Procter & Gamble, on the other hand, is almost the complete opposite. Are brands like Tide, Head & Shoulders and Gillette at risk of becoming obsolete any time soon? Not likely. Furthermore, the company’s earnings power is still incredibly strong, churning out gobs of cash year in, year out. Personally I can live with a rough patch when the underlying business is still throwing off a 15% free cash flow margin and 15% returns on capital.
The issues here seem to revolve around growth, market share and corporate culture. A decade ago Procter & Gamble was bringing in around $3.05 per share in net profit. In the company’s 2017 fiscal year that figure came in at around $3.70.
Now I wouldn’t necessarily bat away earnings growth that can only match inflation – even if it is over a decade or more. I mean imagine if you had to rely on P&G income to fund your lifestyle. Let’s also assume that income growth will track earnings growth, which is kind of a given in the long-run. Would it be the worst thing in the world if all that investment did was maintain your standard living? Probably not. The problem is that over the same period of time the company has reduced its share count by around a fifth. In other words there’s basically zero organic growth going on here.

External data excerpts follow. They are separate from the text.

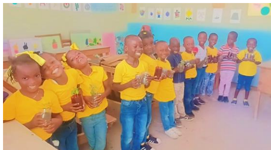
Plantules en main, prêts à aller au jardin !

L'école a inclus les parents et les enseignants dans ce projet innovant. Ils ont contribué à la préparation du terrain et amener des semences de toutes sortes. Les élèves se sont montrés très intéressés par le terrain du jardin scolaire. Dès lors, l'école a instauré quelques heures dans leur programme hebdomadaire pour que les élèves puissent acquérir des connaissances en agriculture. Les petites classes visitent le jardin pendant que les grands s'occupent d'arroser et de planter sous la direction d'un expert agricole. À la demande des élèves et des parents, l'agent agricole aide à la réalisation de petits jardins individuels.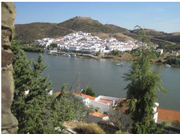
Udsigten fra borgen i Alcutim til Sanlúcar i Spanien

Drak morgenkaffe og fik et stykke ristet brød med de lokale på havnens café. Den plads vi i første omgang havde fået anvist var i og for sig ok, men med en kuling undervejs som vil blæse agten ind i cockpittet, var ikke lige sagen. No problem! vi fik en anden plads og flyttede båden, så vi kom længere ind i havnen og fik stævnen i vinden. Så gik vi en tur op i byen. Det er en dejlig by, meget hvid, fredelig og vejtræerne er appelsintrær! Det kan jeg godt lide. Der var en slagter, supermarked, grønhandlere, så vi fik provianteret lidt. Det begyndte at blæse op i løbet af eftermiddagen, og det tog langsomt til i løbet af aftenen.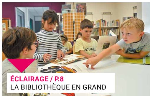
ÉCLAIRAGE / P.8 LA BIBLIOTHÈQUE EN GRAND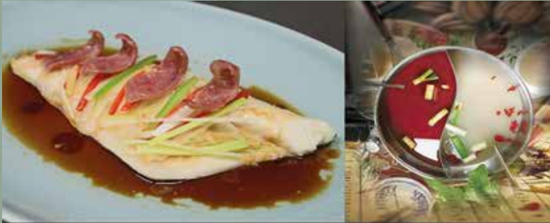
Filet de bar et saucisse chinoise au Mei Gui Lu à la vapeur, sauce soja assaisonnée pour fruits de mer

48 rue de Bray - 35510 CESSON-SÉVIGNÉ - Tél : 02 99 83 74 28 - patricehuline@orange.fr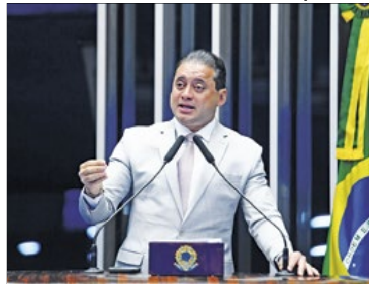
Weverton: projeto "corrige excessos" da Lei da Ficha Limpa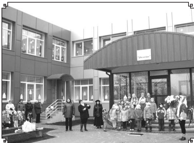
PII «Pasaciņa» ir viens no pirmajiem renovētajiem objektiem novadā, kas priecē bērnus un padara košāku pilsētvidi.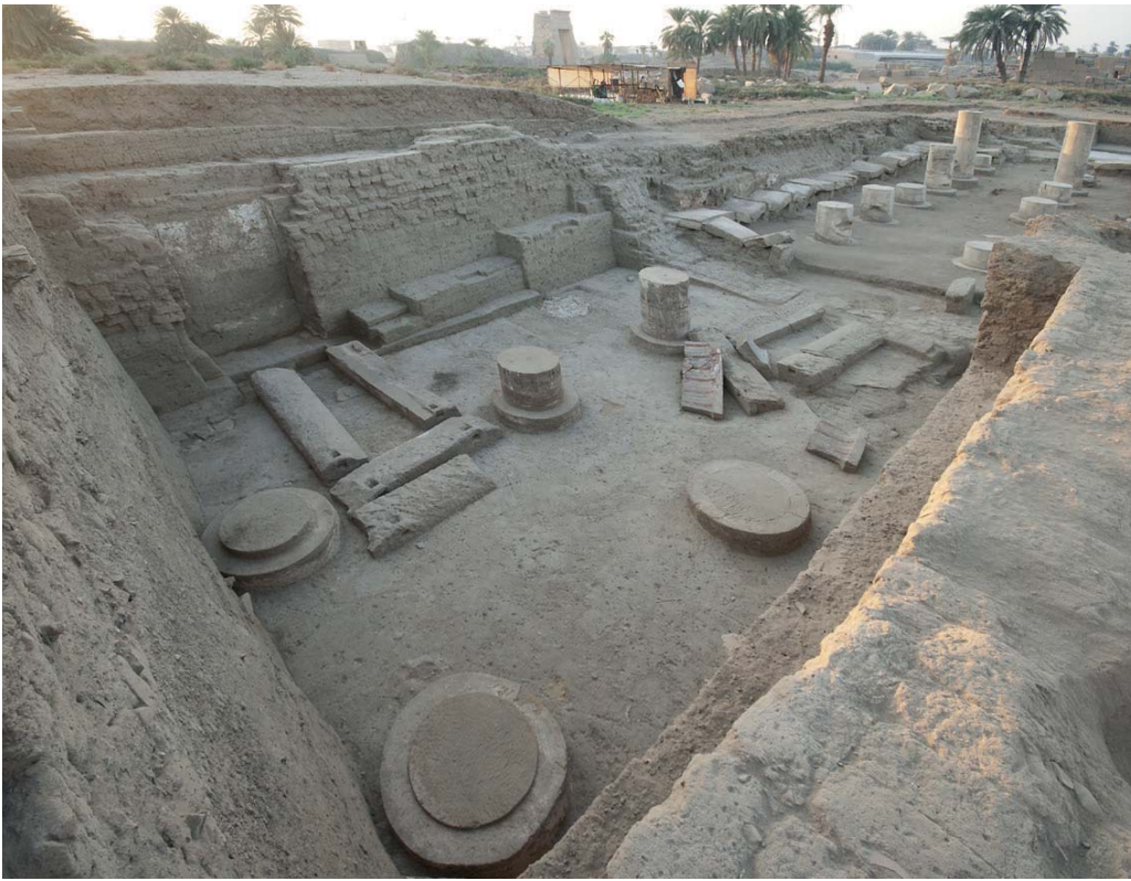
Fig. 6 Le sanctuaire du Trésor lors de sa découverte en 2010. Vue du nord-ouest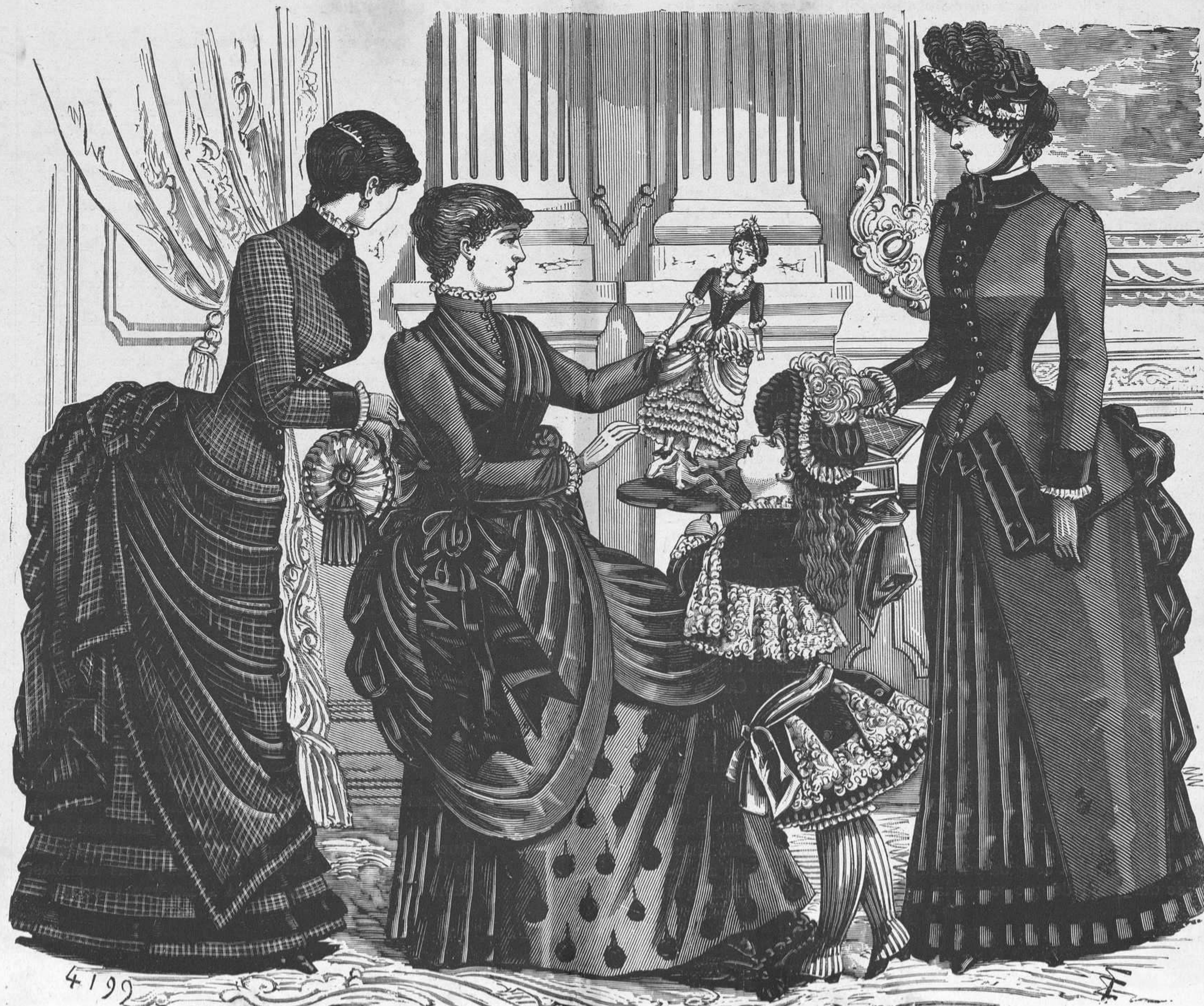
12 a 15.—Trajes de casa, paseo y niña.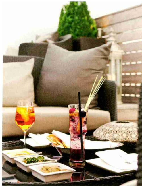
«Apérol Spritz Schweizerhof» mit Apérol, Prosecco, Rose's Lime Cordial und Soda (links) und Lillet Berry mit frischen Beeren, Lillet, Tonic und Grenadine Sirup (rechts).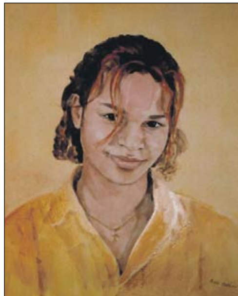
Plantage, Aukje Stokking, aquarel

Als muren konden roddelen... nu siert een soort van treurigmakende Ikea-installatie de wanden van de eens zo beroemde pijpenla. Architectenbureau Concrete heeft de bliksemse boel volgestouwd met houten stellages als open voorraadkasten en enkele stompzinnige opgeblazen foto's van nobodies tegen de muren laten plakken.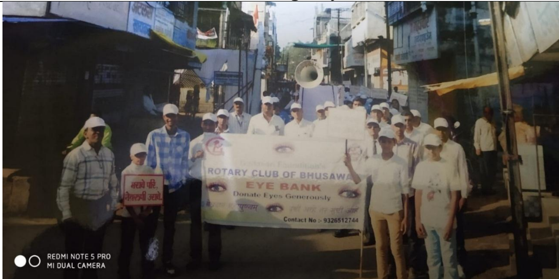
Eye Donation Rally by NSS Unit 'Marave Pari Netrarupi Urave'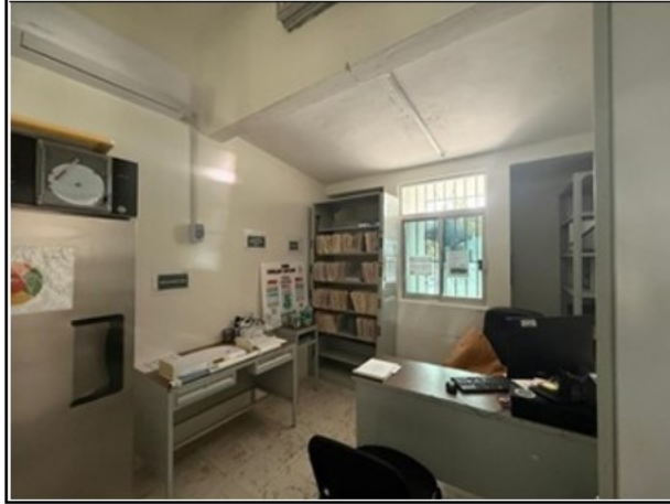
VISTA GENERAL DEL ACTIVO

SOLICITUD: 2026-1159 SECUENCIAL: 04-26-114 GENÉRICO: G-45689-ZND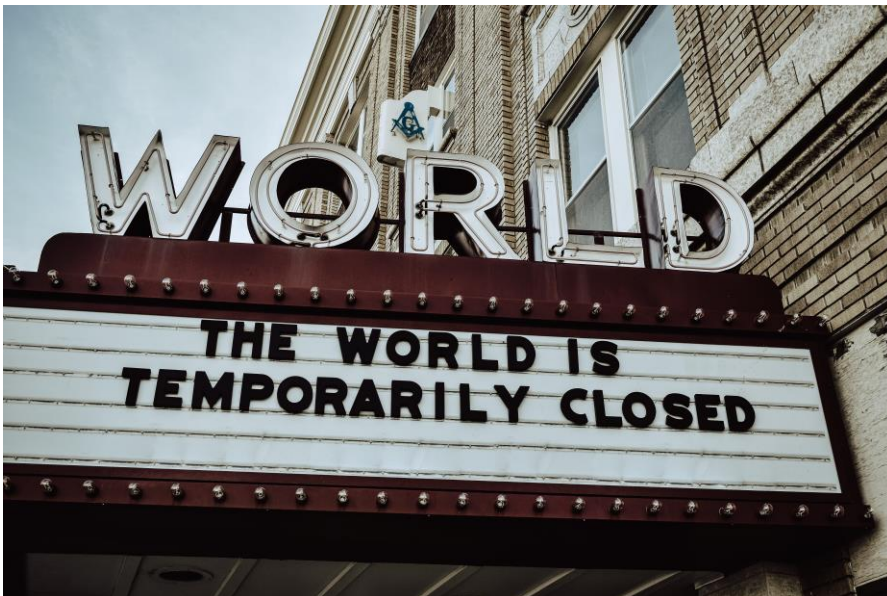
Figuur 1: De wereld mag dan al gesloten zijn, maar wij gaan door met onze activiteiten.

Via video-conferenties bieden we jullie nu voordrachten aan. Het is niet evident, want niet alle lesgevers staan open voor deze manier van lesgeven. Ze hebben natuurlijk gelijk als ze zeggen dat voordrachten geven voor een pc-scherm nooit het fysisch vergaderen kan vervangen. Een deel van de menselijke interactiviteit mis je natuurlijk op die manier maar we voorzien niettemin de mogelijkheid om tijdens de videoconferentie vragen te stellen. En gelukkig kunnen we op die manier ons verenigingsleven toch nog laten doorgaan. Natuurlijk missen we de leuke babbel met collega imkers en voor het biertje, koffietje of wijntje moeten we zelf zorgen. Maar laten we het positief bekijken, een voordracht volgen vanuit onze luie zetel, lekker warm thuisblijven, een drankje en knabbeltje naar ieders keuze en niemand die zeurt dat we niet te laat mogen thuiskomen, toch ook voordelen niet.....?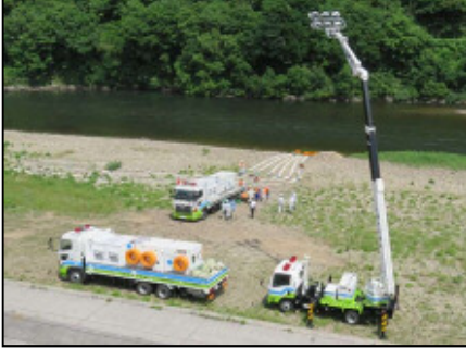
訓練状況(邑智郡川本町川本地先)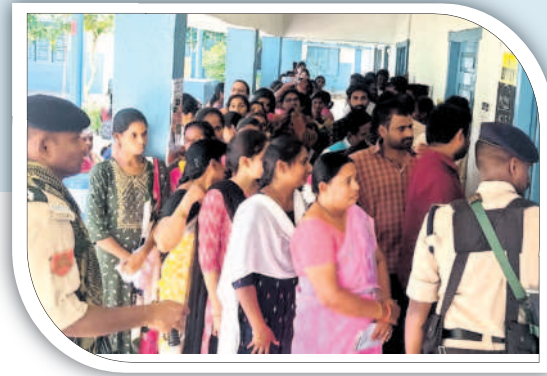
మల్లేపల్లిలో ఓటు వేసేందుకు లైన్లో నించున్న ఓటర్లు (ఫైల్)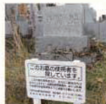
▲市営霊園のお墓の約2割に当たる1万基が無縁墓の疑い(2018年度調査)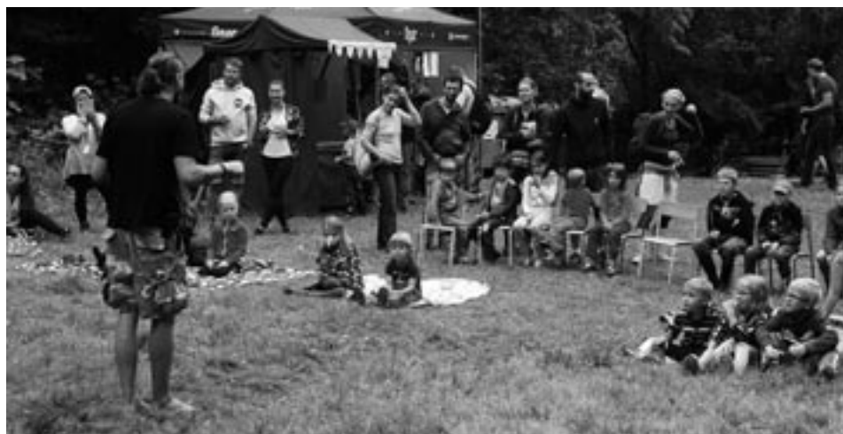
Z letošního hudebního a divadelního festivalu, který pořádal klub Na pasece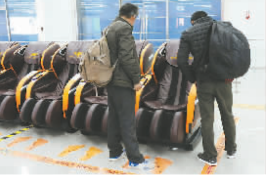
2017年11月7日,在北京地铁东直门站内出现了一排共享按摩椅,供路过的乘客按摩放松。

不过,有投资者认为,共享按摩椅虽然具备了完整的商业模式,也符合消费者休闲消费需求,但还处在一个起步阶段,行业还有很多需要规范和发展的地方。特别是共享按摩椅主要靠用户的基础付费来实现营收,未来要在附加价值上下功夫,深度挖掘潜在价值,为用户提供个性化的订制服务。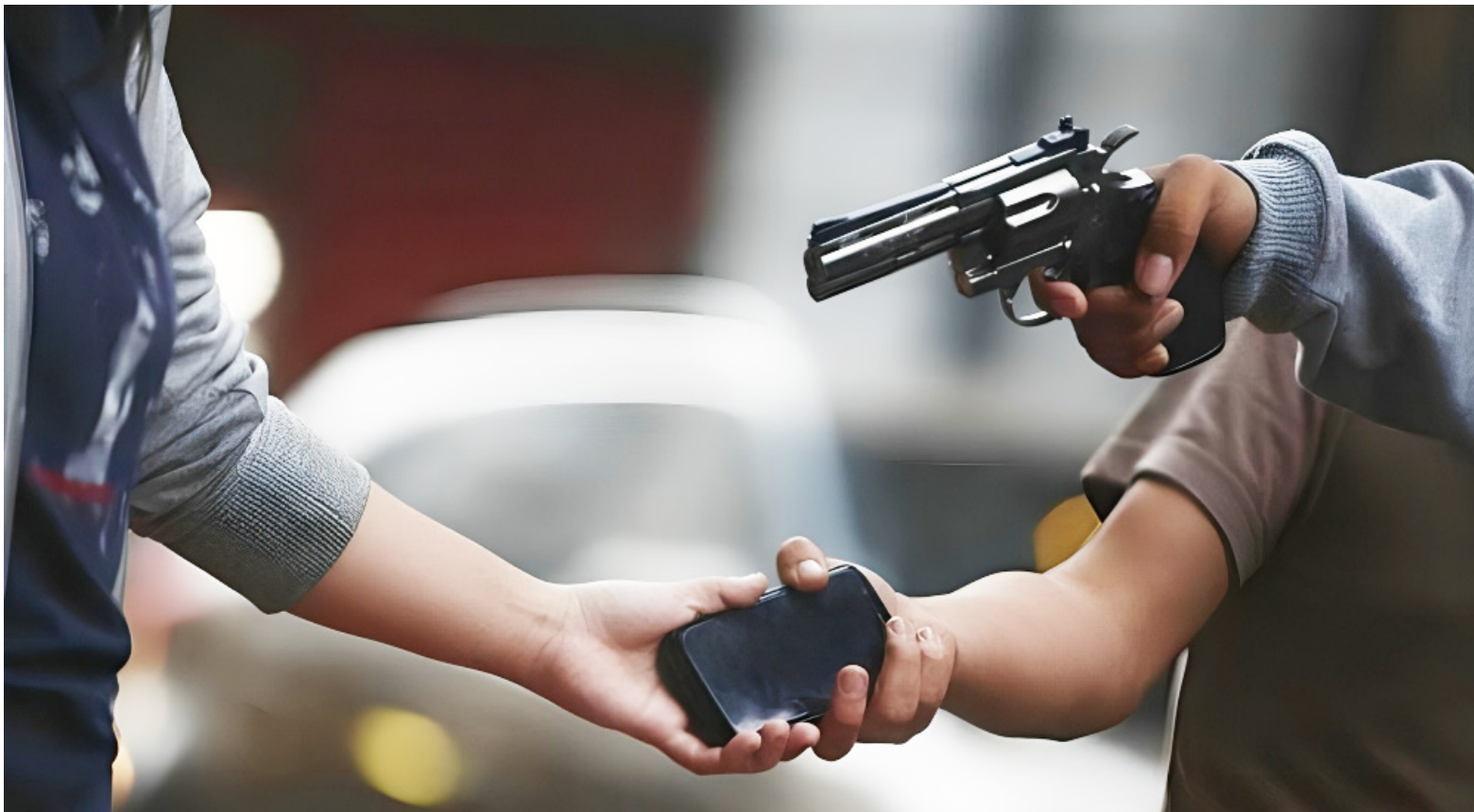
La seguridad ciudadana, se ve afectada por detenidos con este dispositivo que salen a delinquir.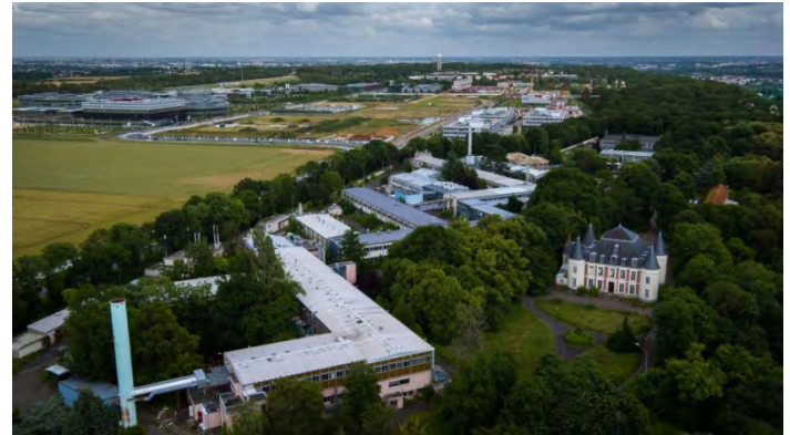
Vue aérienne, ZAC de Corbeville avec le Château de Corbeville.

Courrier envoyé prochainement à la présidente de l'EPAPS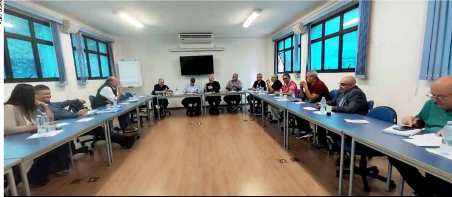
Comissão de negociação da Campanha Salarial discute reivindicações com os setores de Máquinas e de Elétricos e Eletrônicos

Data base é nesta sexta, 1, categoria deve ficar atenta ao chamado do Sindicato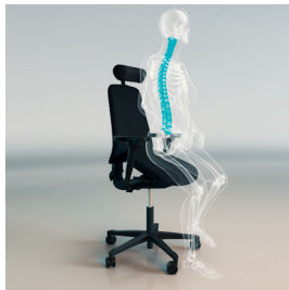
Sitta i balans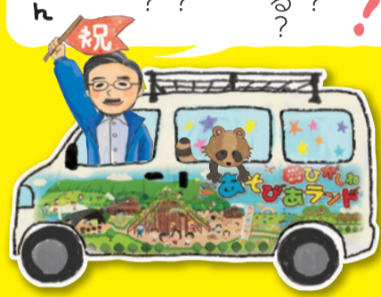
施設長 センチちゃん

あそびあランドに来たらなんでもまかせてみよう! あそびあランドってだれが名前を付けたのか? ギリガニ池のザリガニはどこからやってくるのか? 東根はどうしてサクランボ畑が多いのか? 飛行機はどうして飛べるのか? サントクロースはどこからやってくるのか? あそびあタイムってだれがつくったのか? 不思議に思ったこと、わからないこと、たくさんプレイリーダーに質問して友達になろう!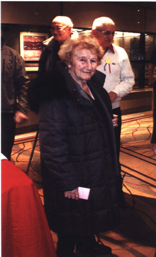
Madame Antonine Maillet, première récipiendaire du Méritas acadien en 1989.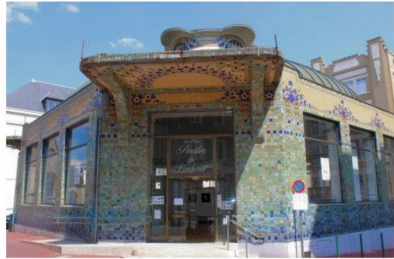
Le Pavillon du verdurier

Construit en 1919 par Roger Gonthier, architecte de la gare des Bénédictins, ce bâtiment a servi de pavillon frigorifique, puis de gare routière, avant d'être restauré par la mairie de Limoges pour devenir un lieu d'expositions en 1978.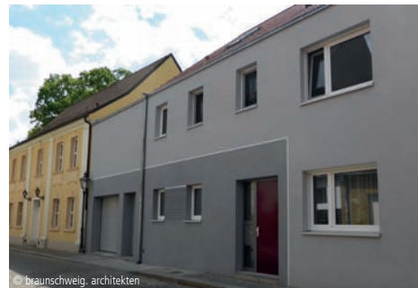
6100-1205 Einfamilienhaus, Garage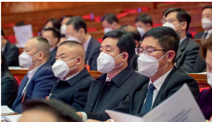
委员们认真听取讲话

社会主义思想的指导地位，反映了全党全军全国各族人民共同心愿，对新时代党和国家事业发展、对推进中华民族伟大复兴历史进程具有决定性意义。我们要旗帜鲜明讲政治，忠诚捍卫“两个确立”，增强“四个意识”，坚定“四个自信”，做到“两个维护”，矢志不渝沿着习近平总书记指引的方向阔步前进。 要坚定不移维护总书记核心地位。 习近平总书记作为党中央的核心、全党的核心，始终是风雨来袭时中国人民最可靠的主心骨，是中华民族伟大复兴的领航人。任何时候任何情况下，我们都要坚定政治立场，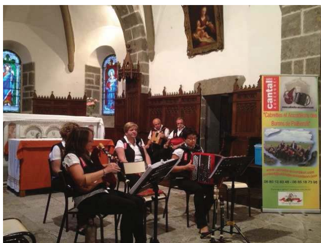
Cabrettes et accordéons des burons de Pailherols

Après 1h45, le public en demandait encore pour la plus grande joie des musiciens et chanteurs. La soirée se termina autour d'un succulent repas dans une ambiance fort agréable.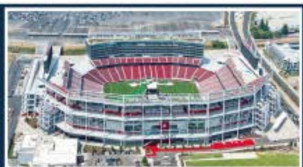
San Francisco / Levi's Stadium Capacidad: 68.500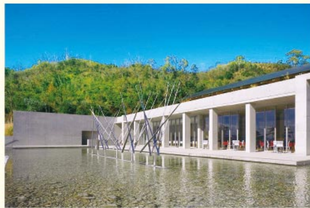
ベネッセハウス パーク外観

安藤忠雄が設計した数少ない木造建築。長いスロープや階段、通路による移動、切り取られた開口部からの外光など、施設内外の現代アートを滞在中に全身で感じられます。

So how does the company get back to growing? It’s a tough one given the company’s size and the fact that many of its products are less sticky in terms of pricing power than other defensives (e.g. tobacco). One of the recurring themes of the past few years has been P&G’s inability to match volume growth with pricing gains. When you walk into your local grocery store it’s not hard to see why: the brands are very expensive relative to generics. Now with a lot of consumer products that fact makes no difference whatsoever. Coca-Cola is a good example, as are cigarettes. Unfortunately for P&G a bunch of its products (e.g. washing up liquid) tend to suffer more against generic competition.
In terms of fixing that then concentrating on innovation and advertising would be a good place to start, and in fairness management have made some good strides in getting to grips with things. For example, the plan to sell-off lower margin brands was the right one given the net result is a simpler and more profitable underlying business. Ultimately though this is probably where the corporate culture issues come in and where I’d like to see things shaken up a bit. For example there’s a great quote from former CFO Clayton Daley on the insular hiring culture that sees few outsiders reaching top management:
The company must hire senior line management from the outside. If your beauty line has been suffering for a decade, why wouldn’t you want to get someone from L’Oréal or Unilever?
It’s kind of hard to argue with that. I mean L’Oréal has increased earnings per share by 113% over the past ten years. Unilever has done so by around 50%. The latter has also taken a fairly big bite out of P&G’s Grooming segment (of which the crown jewel is the Gillette shaving brand).
The biggest headwind as I see it though is the current valuation. As it stands Procter & Gamble shares are trading at 21x estimated 2018 earnings. Now for anyone who’s built a large position in P&G stock over the years I don’t think that really matters. You get to just sit back and collect what is probably a fairly meaty dividend yield on cost. Given the company has paid a dividend in every year since 1890 I don’t think long-term holders will be sweating it too much. The situation is different for anyone on the outside. Unless you’re outlook is an exceptionally long-term one then it’s going to be hard to make the numbers work when you’re looking at best case growth scenarios of inflation plus one or two percent.